The friction performance and wear characteristics are altered by
both the quantity of the additives as well as the combination. When
higher loadings of iron oxide are used (more than double the
typical loading) the addition of carbon powder must also be
included to assure the correct third body friction film formation
on the rotor surface. As an alternative practice of the above
section of the disclosed art; the above additives can be added
during the process of making the carbon felt preform. The powder
mixture is then be added to approximately 750 grams of Starfire
Matrix Polymer and 150 grams of Hexane and 1.5 grams of
tetrahydrofuran to produce a slurry to be applied to each rotor or
stator. The solvents are used for convenience and are not critical
to the performance of the brake rotor or stator. A rotor preform is
placed into a liquid tight tray. One half of the mixture would be
evenly distributed over the top surface of the rotor or stator and
allowed to soak into the preform. The preform is then turned over
and the remaining half of the slurry distributed evenly on the top
surface of the rotor. In this manner the slurry is applied to both
contact surfaces of the rotor or stator and be absorbed into the
porous preform. The coated preform is then placed in an inert gas
atmosphere furnace capable of reaching 1000.degree. C. and heated
under flowing nitrogen or other inert gas at a rate of about 2
degrees centigrade per minute to a temperature range o aboutt
850.degree. C. to 1000.degree. C. and held for 1 hour. After cool
down, the rotor can be machined to final dimensions. Upon
completion of machining, the preform is vacuum infiltrated with
silicon carbide-forming polymer by placing the preform into a
liquid-tight steel tray that is then placed into a vacuum chamber.

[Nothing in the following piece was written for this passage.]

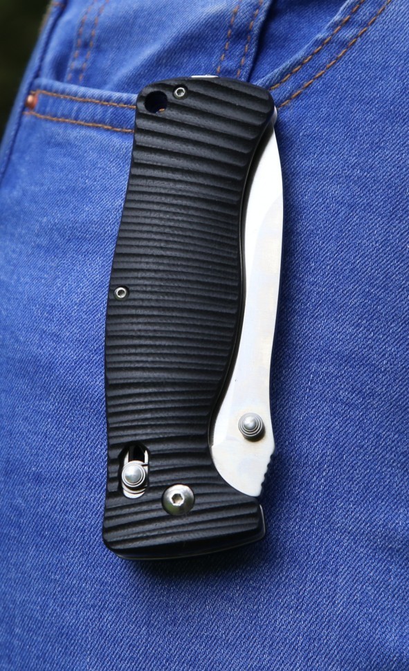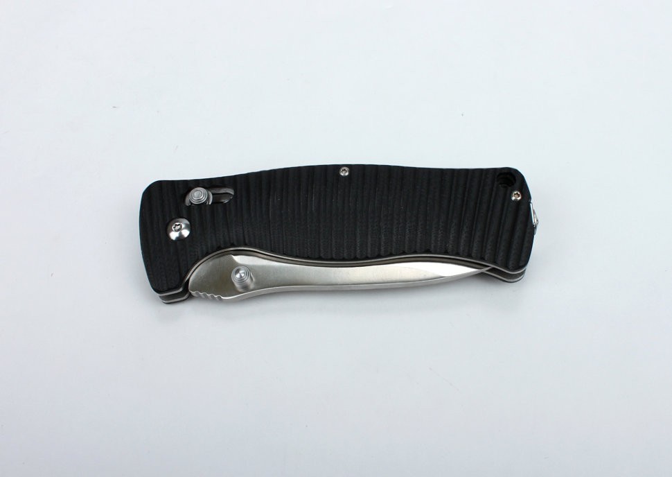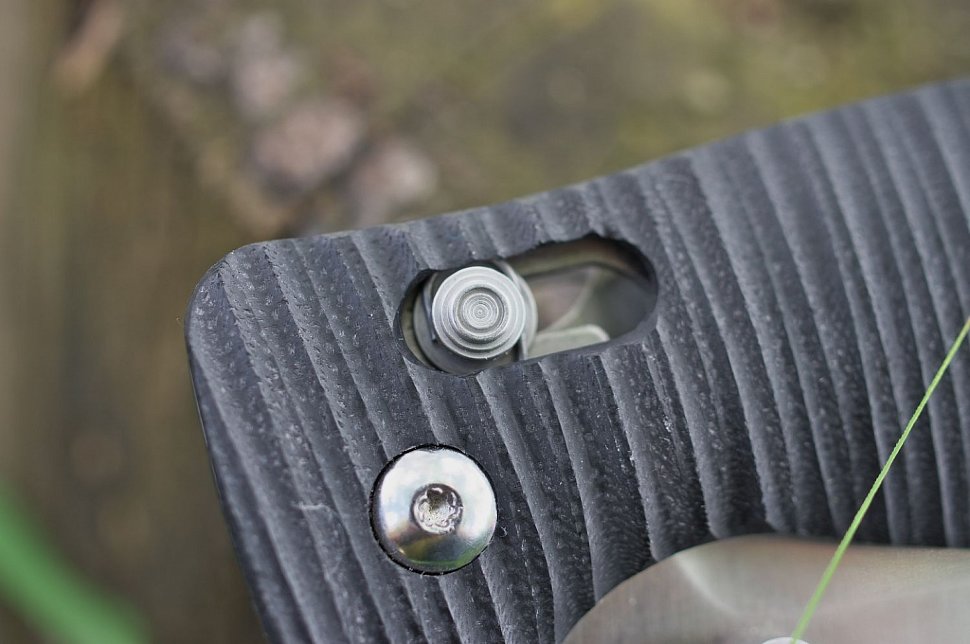 В данной модели установлен замок Axis. Это замок штифтового типа, в котором клинок фиксируется при помощи подпружиненного металлического штифта. Пользоваться замком Axis одинаково удобно любой рукой. А его преимущество в том, что нож с замком Axis не может сработать случайным образом. Единственное условие для исправности замка — необходимо поддерживать его в чистоте.

The chamber is evacuated for a minimum of 15 minutes per half inch
of section thickness to an absolute pressure less than 1 torr and
preferably below about 250 millitorr of mercury. Once the part is
evacuated, sufficient polymer is drawn into the chamber to
completely immerse the preform. The preform is permitted to remain
under vacuum while immersed for an additional 15 minutes per half
inch of preform thickness. The vacuum is then broken and the
immersed component placed into an inert gas furnace. Alternatively,
the excess polymer can be drained off and the component pyrolyzed
(or fired) in the inert gas furnace without being immersed. The
rotor can be further densified by repeated vacuum infiltration and
pyrolysis cycles until the desired density of 2.05 g/cc to 2.3
grams per cubic centimeter and porosity in the range of about 4% to
12% are attained.
[0019] A brake pad which is pressed against the rotor to apply the
frictional stopping force is constructed in a similar manner to a
rotor, but made from different materials. The pad is made from a
preform of chopped fibers mixed with one or more of the ceramic
forming polymers and additives described above for manufacturing of
the aircraft brake rotors and stators. Brake pads require higher
concentrations of carbon to help prevent noise and to create a pad
that will wear out more quickly than the rotor. Higher pad wear is
typical in automotive applications and is different from aircraft
applications where the rotor and pad are designed to wear at the
same rate. In making a brake pad for a heavy duty truck an
admixture of chopped heat treated (as for the aircraft brake
material) carbon fiber (20-30 volume percent) with 10-20% by mass
of iron oxide and silica based additives and 10-20% by mass SiC or
carbon fillers is prepared. A typical pad is 25 volume percent
chopped carbon fiber, with 30 volume percent filler and additives.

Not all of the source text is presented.